<<<<
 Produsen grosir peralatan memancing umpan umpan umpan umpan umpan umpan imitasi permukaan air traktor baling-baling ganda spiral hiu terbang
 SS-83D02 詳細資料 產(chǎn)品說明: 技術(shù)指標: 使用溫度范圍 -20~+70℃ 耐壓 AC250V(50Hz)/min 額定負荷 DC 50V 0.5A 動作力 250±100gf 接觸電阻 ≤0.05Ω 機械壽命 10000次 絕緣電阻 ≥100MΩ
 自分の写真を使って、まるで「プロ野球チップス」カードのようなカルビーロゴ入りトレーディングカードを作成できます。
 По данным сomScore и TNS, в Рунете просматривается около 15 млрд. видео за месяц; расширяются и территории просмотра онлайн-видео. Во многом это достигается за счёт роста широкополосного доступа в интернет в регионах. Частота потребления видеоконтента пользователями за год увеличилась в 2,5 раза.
>>>>
<<<<
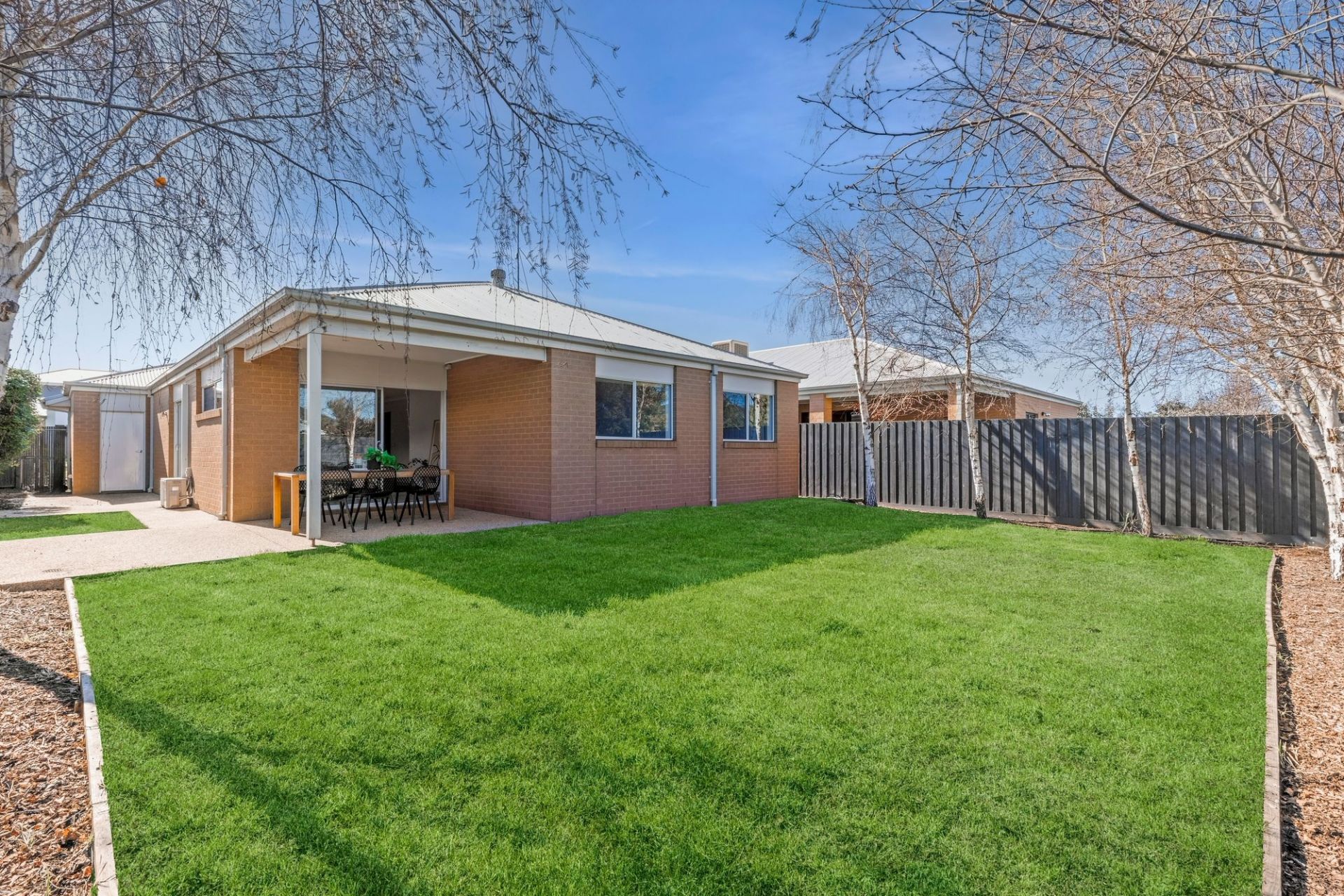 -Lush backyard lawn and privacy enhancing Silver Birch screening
>>>>
<<<<
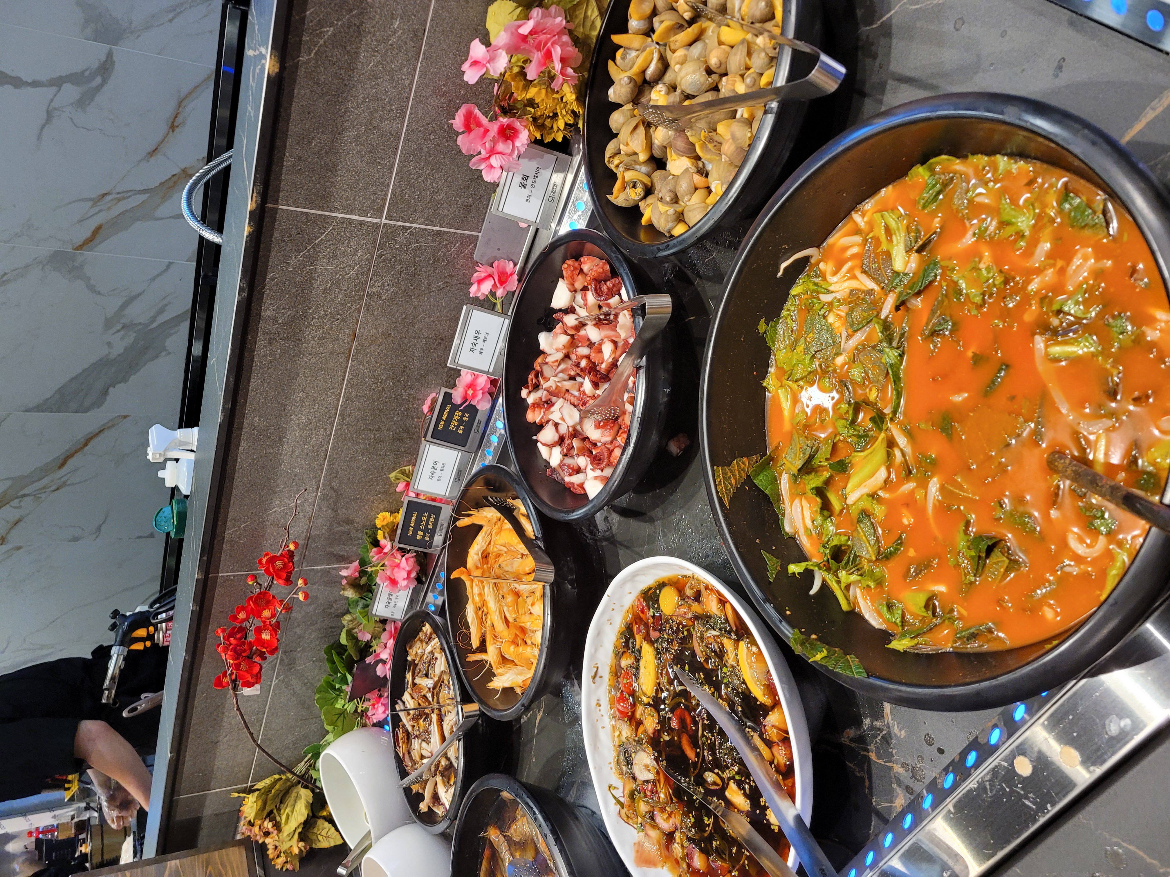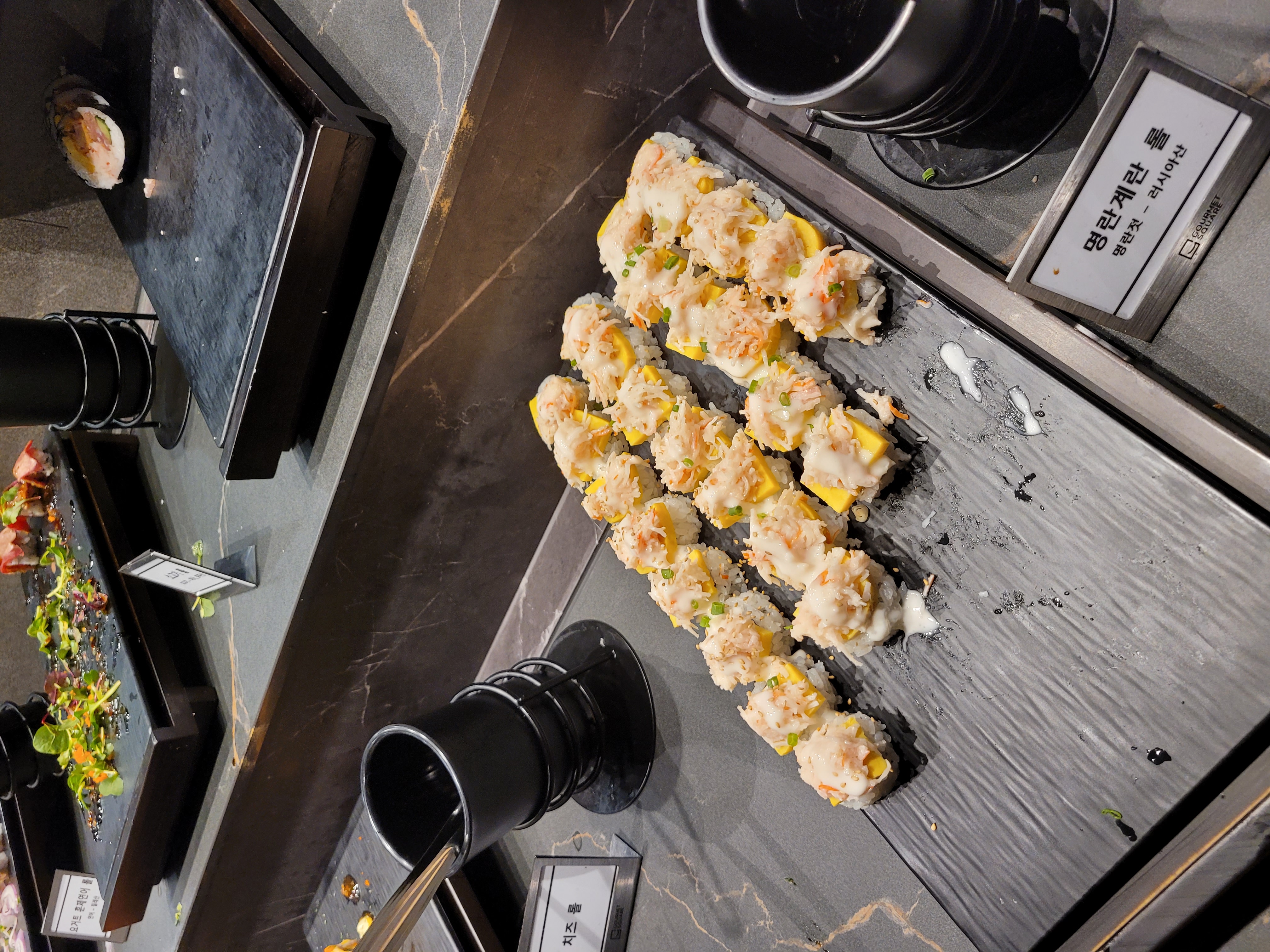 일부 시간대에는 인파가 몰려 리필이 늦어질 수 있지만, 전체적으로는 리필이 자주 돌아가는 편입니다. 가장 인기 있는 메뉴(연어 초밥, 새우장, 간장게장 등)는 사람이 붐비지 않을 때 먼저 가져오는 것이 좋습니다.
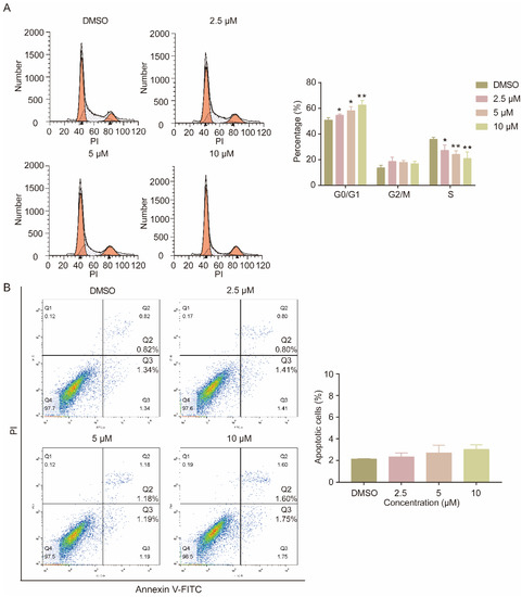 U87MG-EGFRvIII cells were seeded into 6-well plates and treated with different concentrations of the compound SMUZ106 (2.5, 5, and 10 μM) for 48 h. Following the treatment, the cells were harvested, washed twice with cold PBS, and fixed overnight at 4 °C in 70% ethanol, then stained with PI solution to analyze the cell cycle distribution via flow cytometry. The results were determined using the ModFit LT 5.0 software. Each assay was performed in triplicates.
>>>>
§ **Instructions to follow**: With the line that has "Produsen grosir peralatan" as the first and the line that has "自分の写真を使って、まるで「" as the last, repeat exactly that run of lines above and no more.

§ **Solution for this task**:
 Produsen grosir peralatan memancing umpan umpan umpan umpan umpan umpan imitasi permukaan air traktor baling-baling ganda spiral hiu terbang
 SS-83D02 詳細資料 產(chǎn)品說明: 技術(shù)指標: 使用溫度范圍 -20~+70℃ 耐壓 AC250V(50Hz)/min 額定負荷 DC 50V 0.5A 動作力 250±100gf 接觸電阻 ≤0.05Ω 機械壽命 10000次 絕緣電阻 ≥100MΩ
 自分の写真を使って、まるで「プロ野球チップス」カードのようなカルビーロゴ入りトレーディングカードを作成できます。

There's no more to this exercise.